Your copy of the data should leave out the images and match everything else exactly.

────────────────────

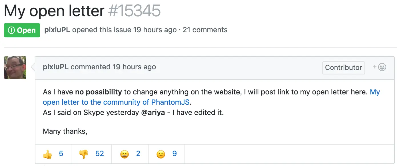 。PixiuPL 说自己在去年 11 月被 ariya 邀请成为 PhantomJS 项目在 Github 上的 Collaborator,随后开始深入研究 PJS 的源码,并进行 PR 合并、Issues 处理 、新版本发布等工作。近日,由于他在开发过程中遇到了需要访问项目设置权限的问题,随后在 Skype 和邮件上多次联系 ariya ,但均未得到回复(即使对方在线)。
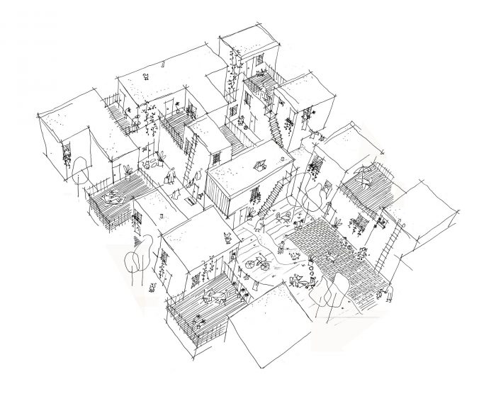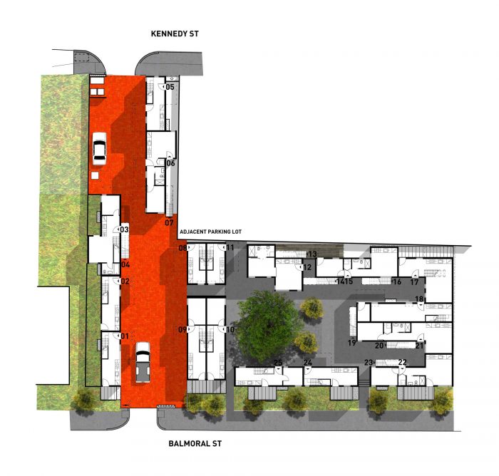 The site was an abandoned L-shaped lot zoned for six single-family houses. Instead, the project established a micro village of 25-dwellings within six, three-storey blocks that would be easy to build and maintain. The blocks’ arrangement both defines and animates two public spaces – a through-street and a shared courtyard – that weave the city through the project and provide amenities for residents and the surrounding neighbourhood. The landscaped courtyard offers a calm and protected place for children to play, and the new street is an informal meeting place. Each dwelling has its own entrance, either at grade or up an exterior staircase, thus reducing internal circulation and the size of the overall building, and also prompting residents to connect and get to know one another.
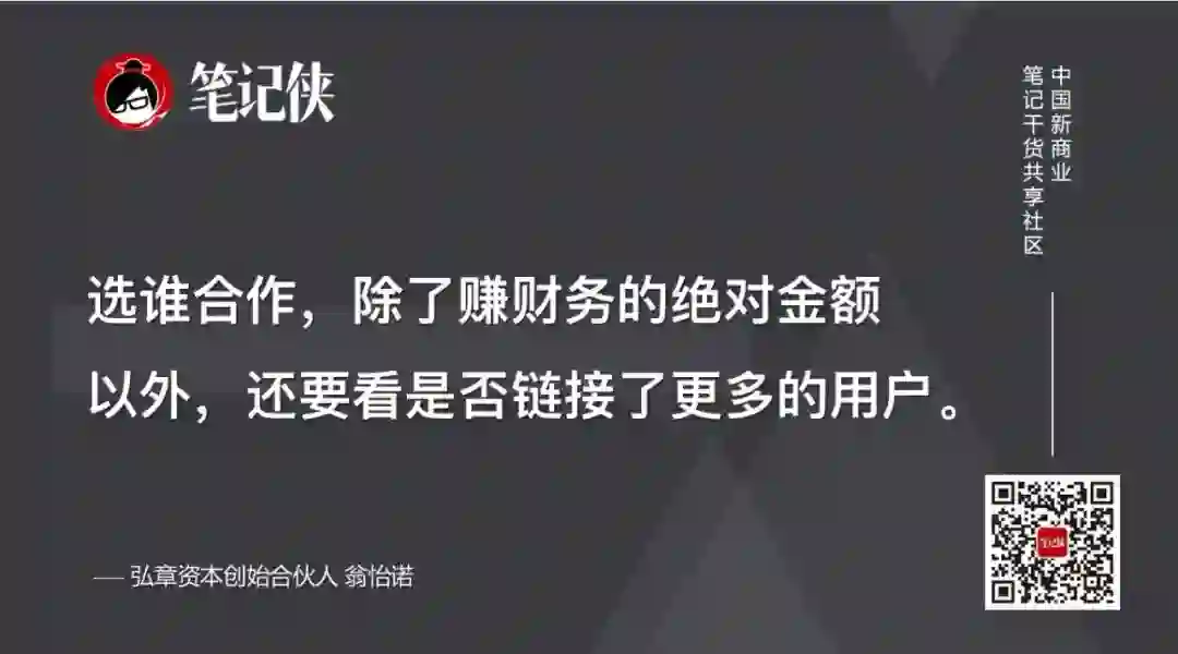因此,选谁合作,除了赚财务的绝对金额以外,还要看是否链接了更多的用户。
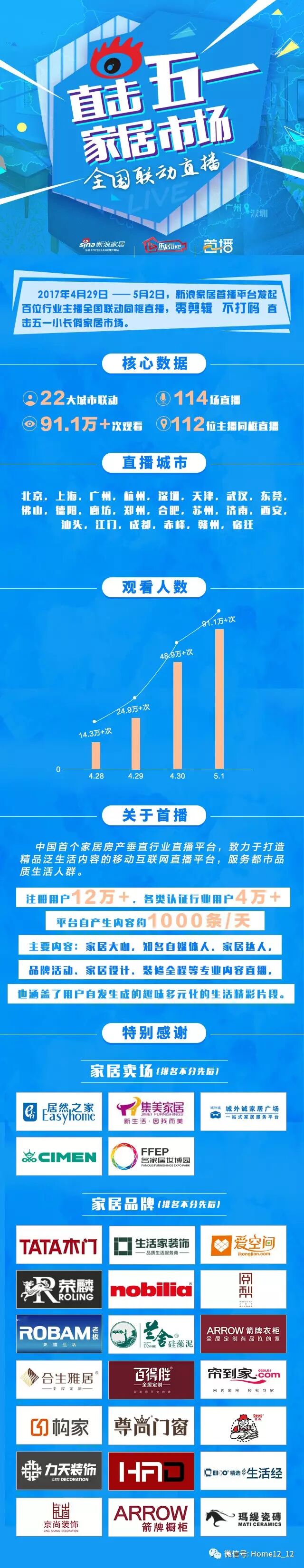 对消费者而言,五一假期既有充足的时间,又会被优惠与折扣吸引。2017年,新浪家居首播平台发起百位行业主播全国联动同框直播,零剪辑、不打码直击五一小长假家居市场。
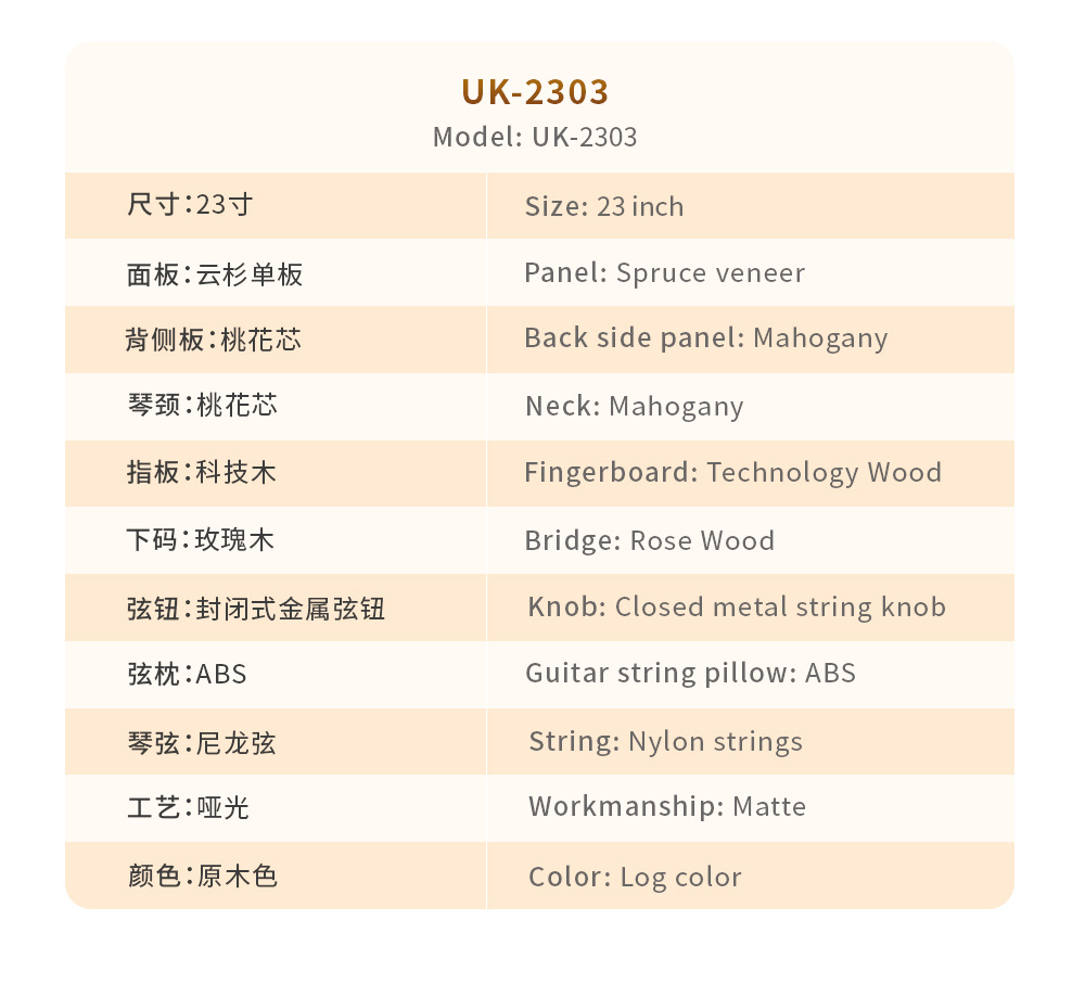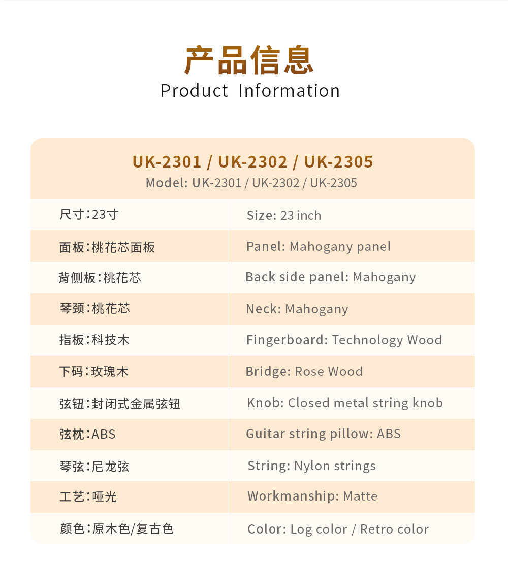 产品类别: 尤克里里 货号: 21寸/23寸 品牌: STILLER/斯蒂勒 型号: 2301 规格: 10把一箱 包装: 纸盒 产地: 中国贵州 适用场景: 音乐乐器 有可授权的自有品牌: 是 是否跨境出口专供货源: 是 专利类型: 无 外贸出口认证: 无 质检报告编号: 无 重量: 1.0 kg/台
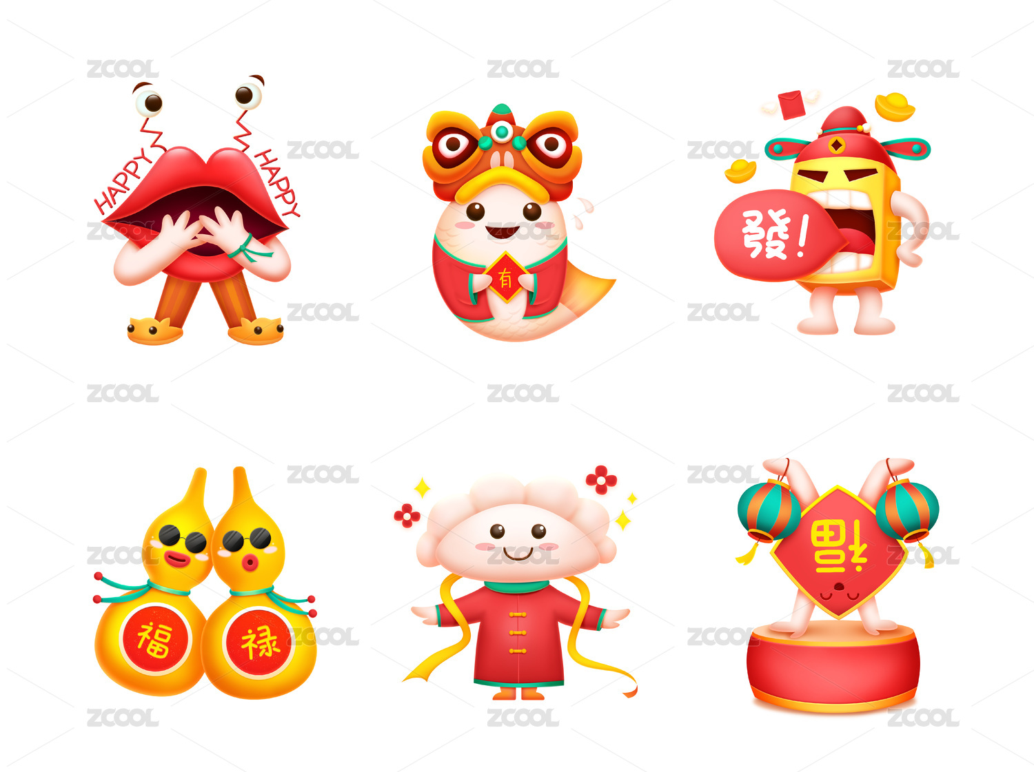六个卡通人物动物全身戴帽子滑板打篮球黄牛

────────────────────

■ Response area ■
 。PixiuPL 说自己在去年 11 月被 ariya 邀请成为 PhantomJS 项目在 Github 上的 Collaborator,随后开始深入研究 PJS 的源码,并进行 PR 合并、Issues 处理 、新版本发布等工作。近日,由于他在开发过程中遇到了需要访问项目设置权限的问题,随后在 Skype 和邮件上多次联系 ariya ,但均未得到回复(即使对方在线)。
 The site was an abandoned L-shaped lot zoned for six single-family houses. Instead, the project established a micro village of 25-dwellings within six, three-storey blocks that would be easy to build and maintain. The blocks’ arrangement both defines and animates two public spaces – a through-street and a shared courtyard – that weave the city through the project and provide amenities for residents and the surrounding neighbourhood. The landscaped courtyard offers a calm and protected place for children to play, and the new street is an informal meeting place. Each dwelling has its own entrance, either at grade or up an exterior staircase, thus reducing internal circulation and the size of the overall building, and also prompting residents to connect and get to know one another.
因此,选谁合作,除了赚财务的绝对金额以外,还要看是否链接了更多的用户。
 对消费者而言,五一假期既有充足的时间,又会被优惠与折扣吸引。2017年,新浪家居首播平台发起百位行业主播全国联动同框直播,零剪辑、不打码直击五一小长假家居市场。
 产品类别: 尤克里里 货号: 21寸/23寸 品牌: STILLER/斯蒂勒 型号: 2301 规格: 10把一箱 包装: 纸盒 产地: 中国贵州 适用场景: 音乐乐器 有可授权的自有品牌: 是 是否跨境出口专供货源: 是 专利类型: 无 外贸出口认证: 无 质检报告编号: 无 重量: 1.0 kg/台
六个卡通人物动物全身戴帽子滑板打篮球黄牛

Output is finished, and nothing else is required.